Supplied material ->
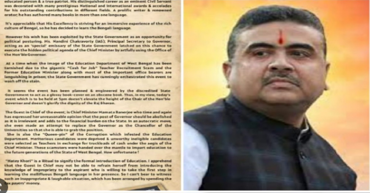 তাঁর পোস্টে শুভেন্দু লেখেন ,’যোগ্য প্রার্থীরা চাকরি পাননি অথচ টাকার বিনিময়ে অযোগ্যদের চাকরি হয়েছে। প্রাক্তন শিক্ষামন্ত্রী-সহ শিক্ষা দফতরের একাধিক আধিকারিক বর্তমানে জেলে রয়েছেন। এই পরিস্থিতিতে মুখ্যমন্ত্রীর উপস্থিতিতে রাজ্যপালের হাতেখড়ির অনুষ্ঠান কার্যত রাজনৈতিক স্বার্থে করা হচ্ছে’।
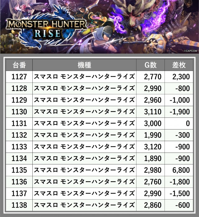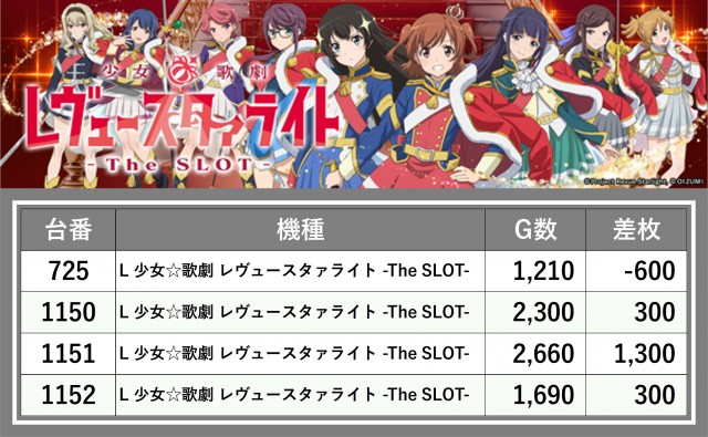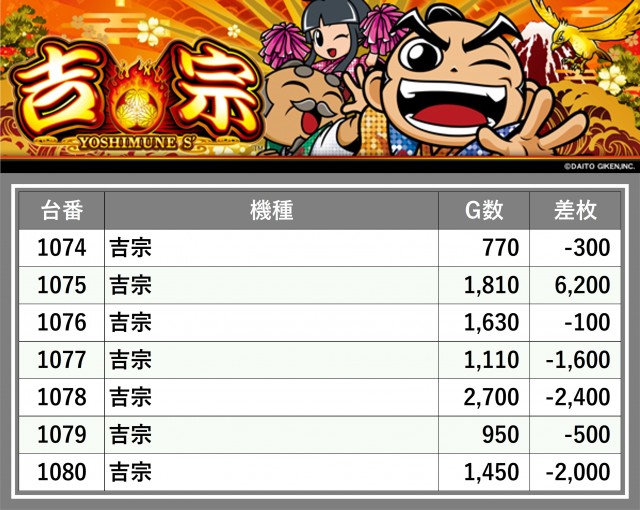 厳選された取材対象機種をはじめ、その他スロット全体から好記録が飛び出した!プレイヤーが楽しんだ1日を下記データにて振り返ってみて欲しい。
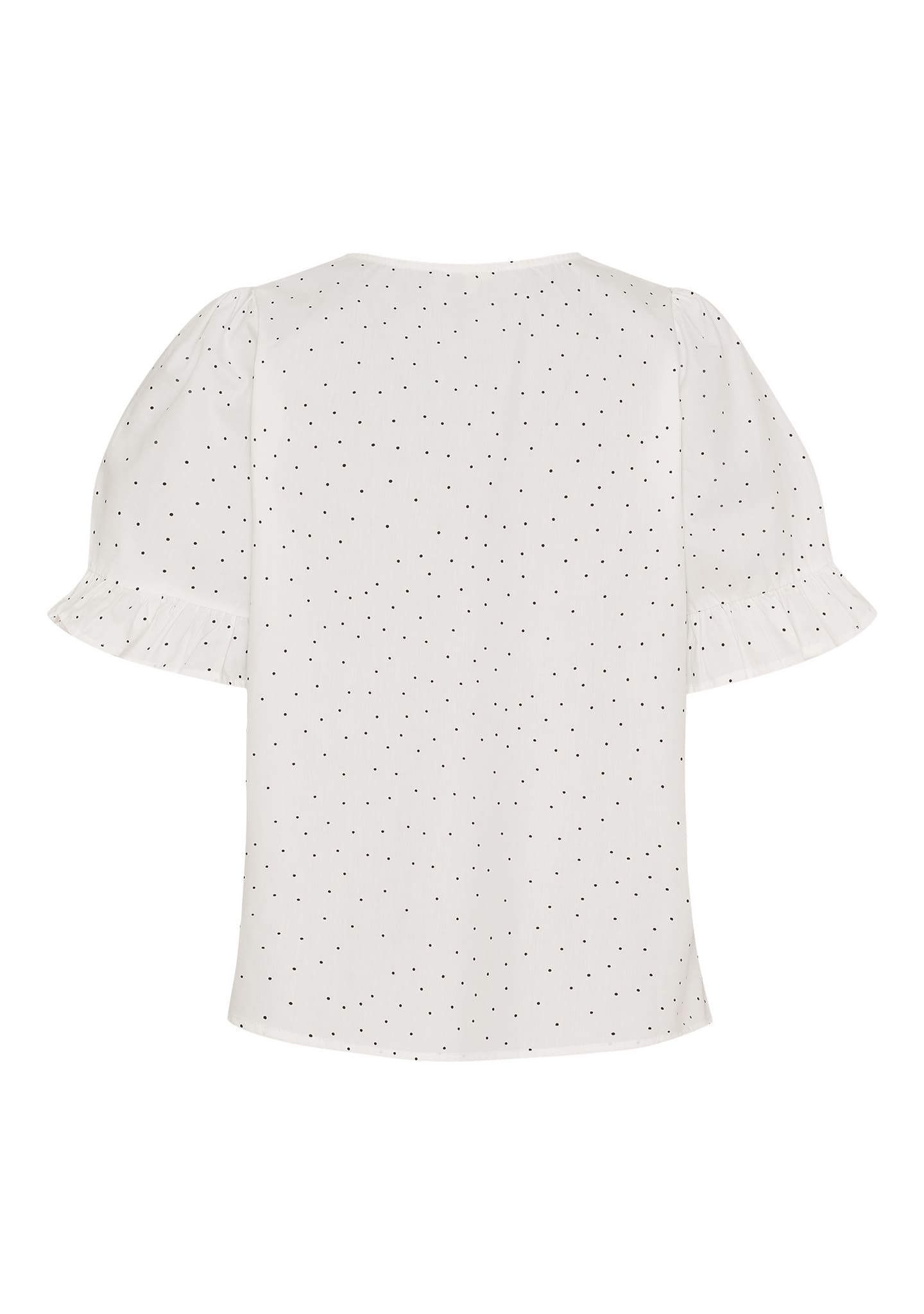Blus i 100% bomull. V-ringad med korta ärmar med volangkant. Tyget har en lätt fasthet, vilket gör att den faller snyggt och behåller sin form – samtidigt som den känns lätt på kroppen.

Exercise description ->
Copy out each line of the data exactly as it reads; skip the pictures.

Your solution ->
 তাঁর পোস্টে শুভেন্দু লেখেন ,’যোগ্য প্রার্থীরা চাকরি পাননি অথচ টাকার বিনিময়ে অযোগ্যদের চাকরি হয়েছে। প্রাক্তন শিক্ষামন্ত্রী-সহ শিক্ষা দফতরের একাধিক আধিকারিক বর্তমানে জেলে রয়েছেন। এই পরিস্থিতিতে মুখ্যমন্ত্রীর উপস্থিতিতে রাজ্যপালের হাতেখড়ির অনুষ্ঠান কার্যত রাজনৈতিক স্বার্থে করা হচ্ছে’।
 厳選された取材対象機種をはじめ、その他スロット全体から好記録が飛び出した!プレイヤーが楽しんだ1日を下記データにて振り返ってみて欲しい。
Blus i 100% bomull. V-ringad med korta ärmar med volangkant. Tyget har en lätt fasthet, vilket gör att den faller snyggt och behåller sin form – samtidigt som den känns lätt på kroppen.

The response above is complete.